Location
- 8057 Arlington Expressway Jacksonville, Florida 32211 United States

Information
- School type: Private Christian
- Established: 1993
- Founder: Dwight and Connie Cenac
- CEEB code: 100777
- Administrator: Joette Williams (since June 1, 2022); (2016-2019)
- Principal: Samuel Gaskins (since July 1, 2024)
- Teaching staff: 34 (FTE) (as of 2019-20)
- Grades: K1-12
- Enrollment: 338 (2019-20)
- Average class size: 25
- Student to teacher ratio: 11.6 (as of 2007-08)
- Colors: Blue, Yellow and White
- Athletics: Florida Christian Athletic League
- Mascot: Eagle
- Website: www.seacoastchristianacademy.com

= Seacoast Christian Academy =

Seacoast Christian Academy is a private Christian school located in Jacksonville, Florida, United States. Seacoast Christian Academy serves students in prekindergarten through grade 12.

==Campus==
Seacoast is currently housed in two campuses in the Arlington area of Jacksonville, Florida. Its preschool and elementary buildings, located off the Arlington Expressway.
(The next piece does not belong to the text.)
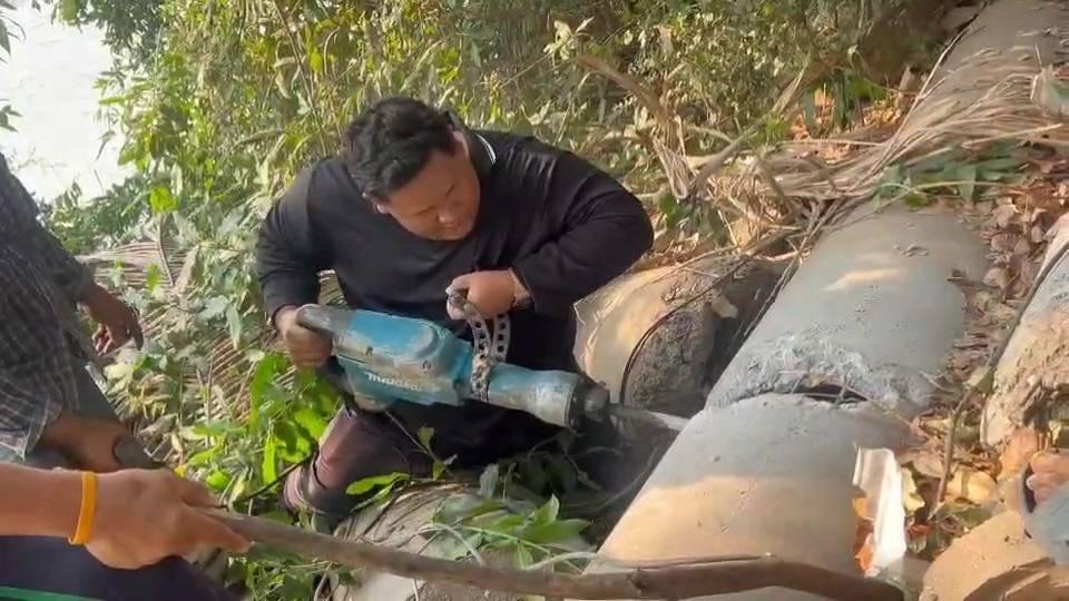 พบท่อระบายน้ำ แบบคอนกรีตเสริมเหล็กขนาด 50 เซนติเมตร บางส่วนมีดินทับบางส่วนท่อโผล่พ้นผิวดิน ความยาวประมาณ 5 เมตร ชาวบ้านและเจ้าหน้าที่กู้ภัยใช้เครื่องเจาะปูนเจาะท่อระบายน้ำ ให้มีอากาศระบายเข้าภายในท่อ เปิดพัดลมระบายอากาศลดอุณหภูมิภายในท่อ และเจาะช่วงกลางท่อเพื่อเปิดทาง เข้าช่วยเหลือนางประจวบ อายุ 81 ปี ที่ติดอยู่ในท่อ ในลักษณะนอนคว่ำหน้าภายในท่อ ตรวจสอบพบว่าเป็นท่อระบายน้ำที่ไม่ได้ใช้งาน ทำให้มีเศษดินอยู่ในท่อทำให้มีความแคบ
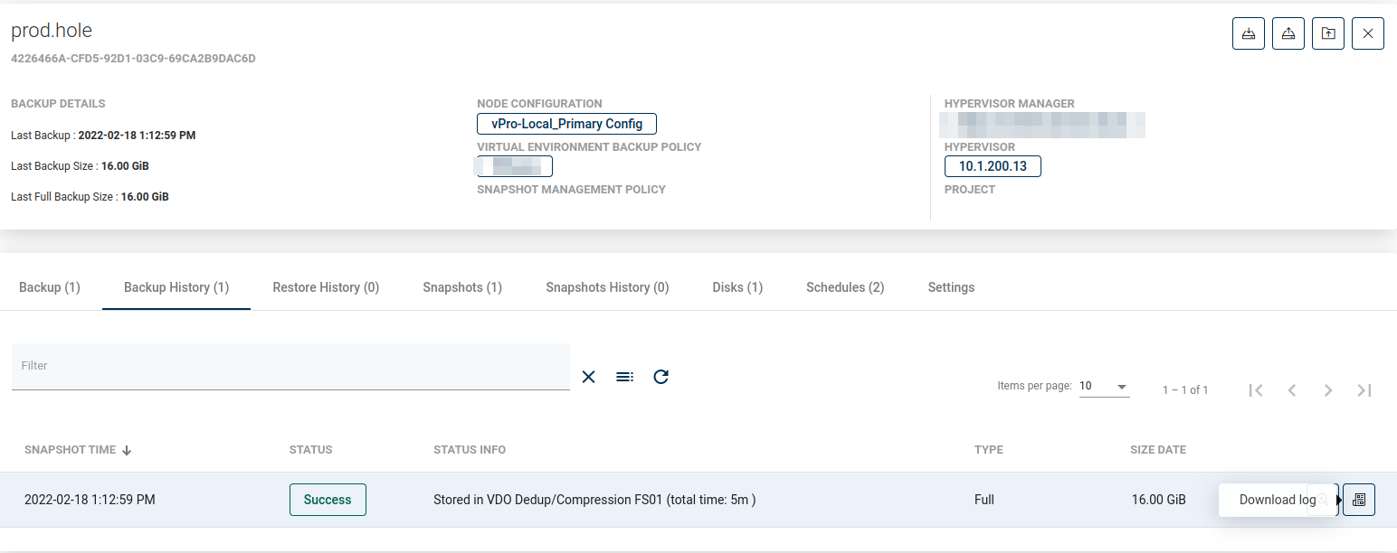 - the last snapshot kept on the hypervisor for the next incremental backup (if at least one schedule assigned to the VM has the backup type set to incremental)

The high school building, located off the Arlington Expressway, has a computer lab, dance studio, art room, chapel, science lab, and large classrooms.

==Curriculum==
The high school curriculum is college preparatory focused; several Advanced Placement courses and a dual enrollment program at the South Campus of Florida State College at Jacksonville (FSCJ) are available to students. Seacoast is also accredited through the Association of Christian Schools International.
For the 2024–2025 school year, administration has announced that they will be adopting a STEAM program of education: Science, Technology, Engineering, Arts, and Mathematics.

==Extracurricular activities==
Student activities include dance, drama and music, that are showcased in a performance during the school year at the FSCJ Wilson Center for the Arts. Seacoast's sports teams, known as the Eagles, compete in baseball, softball, women and men's basketball, and volleyball, in the Florida Christian Athletic League. In 2010, Seacoast Christian Academy's high school formed a football team. Former Jacksonville Jaguars tight end Damon Jones (American football) coached the team. The sports scene declined from 2019 to 2021 as there was not enough interest for some sports. In 2022, after four years, baseball was brought back to the school and Seacoast hosted its first soccer team in September 2021. Volleyball and softball are also sports of interest In winter 2022, the 2021-2022 Seacoast Student Council presented the idea of bringing football back to the school. This is currently an idea at this time.

==Future plans==
In 2010, Seacoast board of directors announced plans for a major high school campus expansion. Which would include adding a gymnasium, a classroom wing, and softball, baseball, football, and soccer fields. During that same time, the school expects enrollment to rise to around 550 students. Construction has not yet begun. With the development in the surrounding area of the school, it seems that this may not become a reality unless acted upon soon, but available space has decreased dramatically as of March 2022.